Former railway company in New York and Vermont

The Boston, Hoosac Tunnel and Western Railway was a railway company that operated in the states of New York and Vermont in the 1880s. At its peak it controlled a 61 mi network centered on Mechanicville, New York. Plans to extend the line west to Buffalo, New York, on Lake Ontario, were never realized, and the Fitchburg Railroad, a predecessor of the Boston and Maine Railroad, acquired control of the company in 1887 and merged it in 1892.

== History ==
There were initially two companies, both named Boston, Hoosac Tunnel and Western Railway, one incorporated in New York (April 16, 1877) and the other in Vermont (April 17, 1878). The two were consolidated into a single company, still with the same name, on April 19, 1880. The company's initial purpose was to establish a new east−west link between Boston, Massachusetts, and points west, via the Hoosac Tunnel, which had been completed in 1875. The Boston, Hoosac Tunnel and Western Railway would build between Mechanicville, New York and the Massachusetts/Vermont state line, where it would connect with the Massachusetts-owned Troy and Greenfield Railroad. In the west, the Delaware and Hudson Railway (D&H) would build between Schenectady, New York, and Mechanicville. Besides the D&H, the Erie Railroad supported the new line.

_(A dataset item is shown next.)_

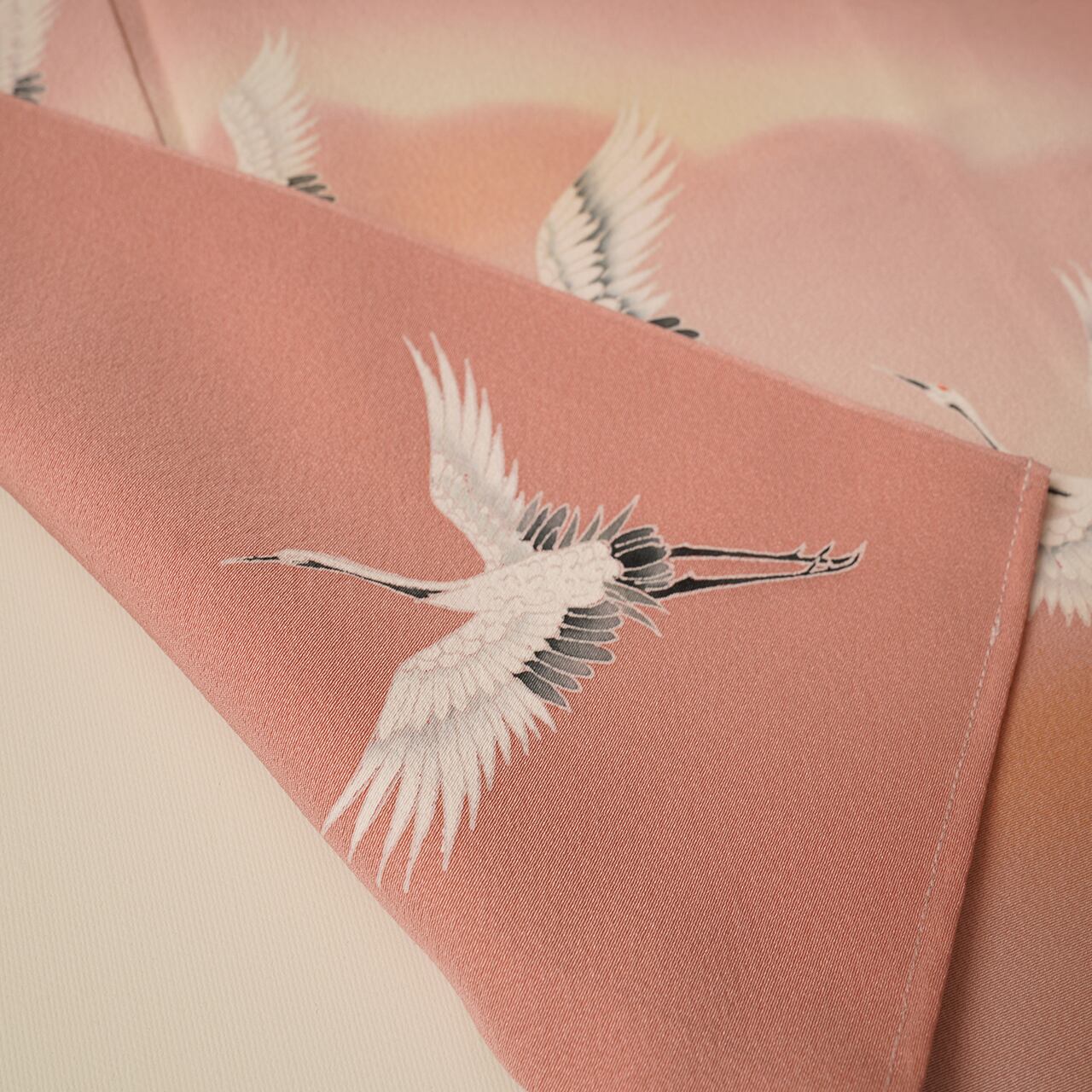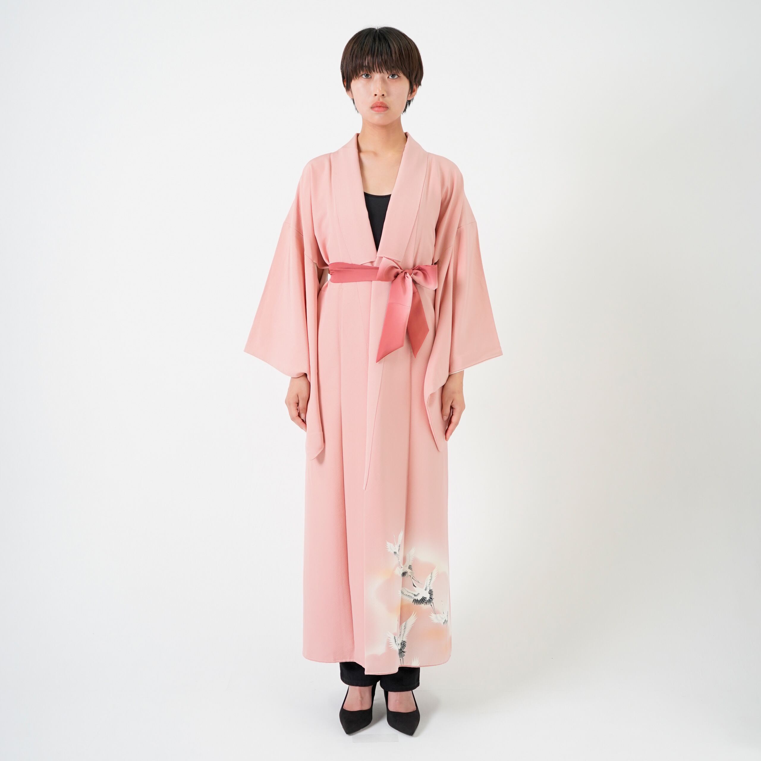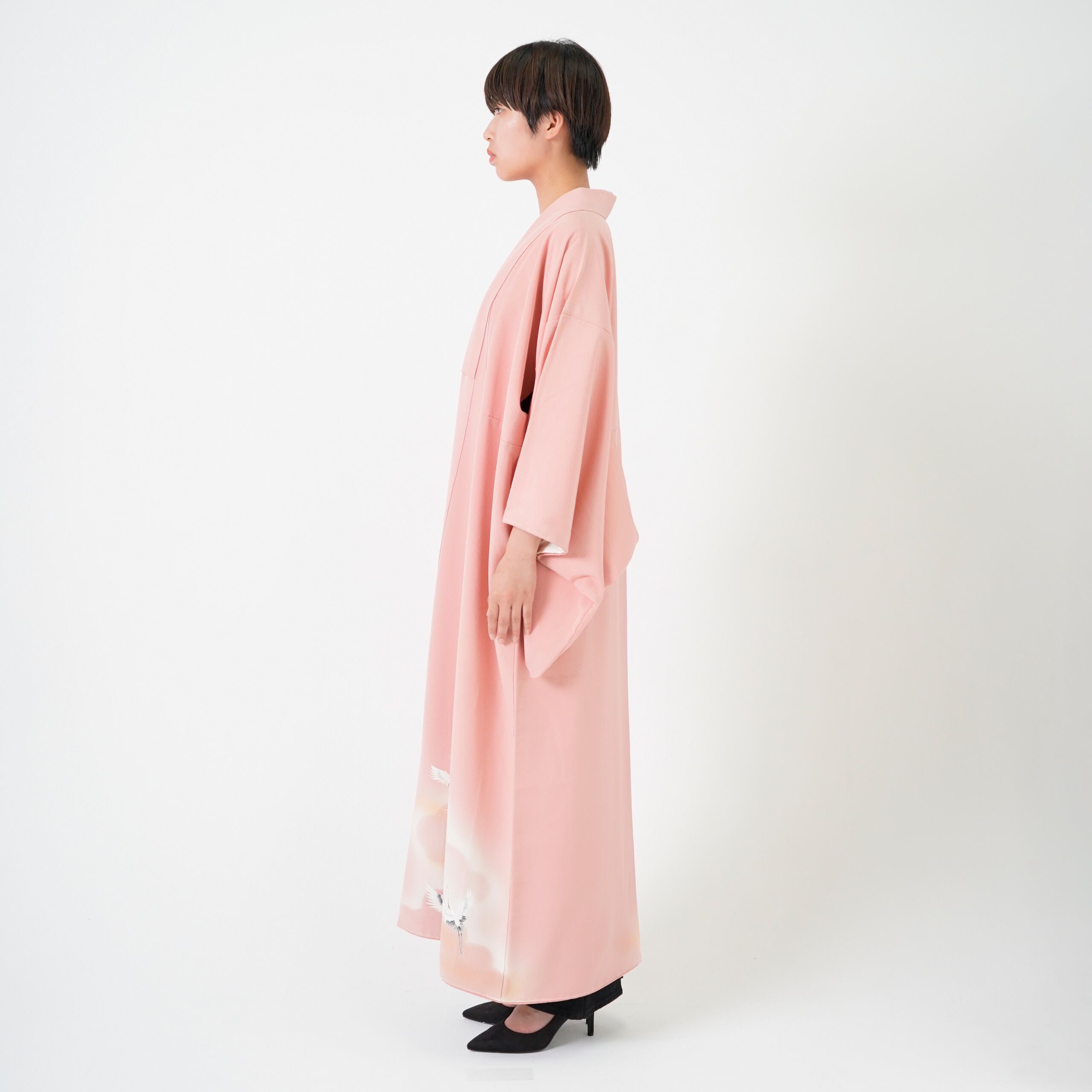 Pink Vine Motif Remake Robe Dress from Semi-formal "Houmongi" Kimono D018

The 38 mi line between Mechanicville and the Vermont/Massachusetts state line opened on December 22, 1879. Between Valley Falls, New York, and the Massachusetts state line the Boston, Hoosac Tunnel and Western Railway ran parallel with the Troy and Boston Railroad; both lines following the Hoosic River. From the Massachusetts state line, the company operated over the Troy and Greenfield to North Adams, Massachusetts, where it interchanged with the Fitchburg Railroad. The line interchanged with the D&H at two points: Eagle Bridge, New York (the Rutland and Washington Railroad), and at Mechanicville (the Rensselaer and Saratoga Railroad). The D&H completed the new line between Mechanicville and Schenectady in December 1881, eliminating the need to run via Ballston Spa, New York.

=== Western extension ===
In early 1884, the company completed a 23 mi extension from Mechanicville to Rotterdam Junction, west of Schenectady, enabling interchange with the West Shore Railroad. (Note: There is some confusion over the date of the Rotterdam extension. Karr suggests that the entire Rotterdam–Massachusetts line opened in January 1879. The ICC valuation report for the Boston and Maine misprints "1855.") At one point, the company planned to build west across the state of New York to points on Lake Erie (Buffalo) and Lake Ontario (Oswego). The resulting line would have been 400 mi long. In furtherance on this plan, the company was consolidated with five other companies on April 9, 1880: the Hoosac Tunnel and Saratoga Railway; Utica and Syracuse Air-Line Railway; Syracuse, Chenango and New York Railroad; Syracuse, Phoenix and Oswego Railroad; and Mohawk and Lake Erie Railway. The New York Supreme Court subsequently ruled that the consolidation was illegal, and nothing came of these plans.

=== Branches ===
The Boston, Hoosac Tunnel and Western Railway leased the Saratoga Lake Railway and Hoosac Tunnel and Saratoga Railway in July 1882. These two companies gave the Boston, Hoosac Tunnel and Western Railway a branch from Mechanicville to Saratoga Springs, New York, via Saratoga Lake, New York, and from Saratoga Lake to Schuylerville, New York. The two companies were consolidated in 1886 to form the Troy, Saratoga and Northern Railroad.

=== Fitchburg control ===
The Fitchburg Railroad acquired the Troy and Greenfield Railroad from Massachusetts on February 1, 1887, and the Troy and Boston Railroad on May 3, 1887. Shortly thereafter, the Fitchburg gained control of the Boston, Hoosac Tunnel and Western Railway, and operated the formerly separate parallel single-track lines of the Boston, Hoosac Tunnel and Western Railway and the Troy and Boston between Williamstown, Massachusetts, and Johnstown, New York, as a single line. A similar arrangement was made with the D&H for the parallel lines between Mechanicville and "Crescent", in the direction of Schenectady. The Boston, Hoosac Tunnel and Western Railway and the Troy, Saratoga and Northern Railroad were formally merged with the Fitchburg Railroad on October 1, 1892.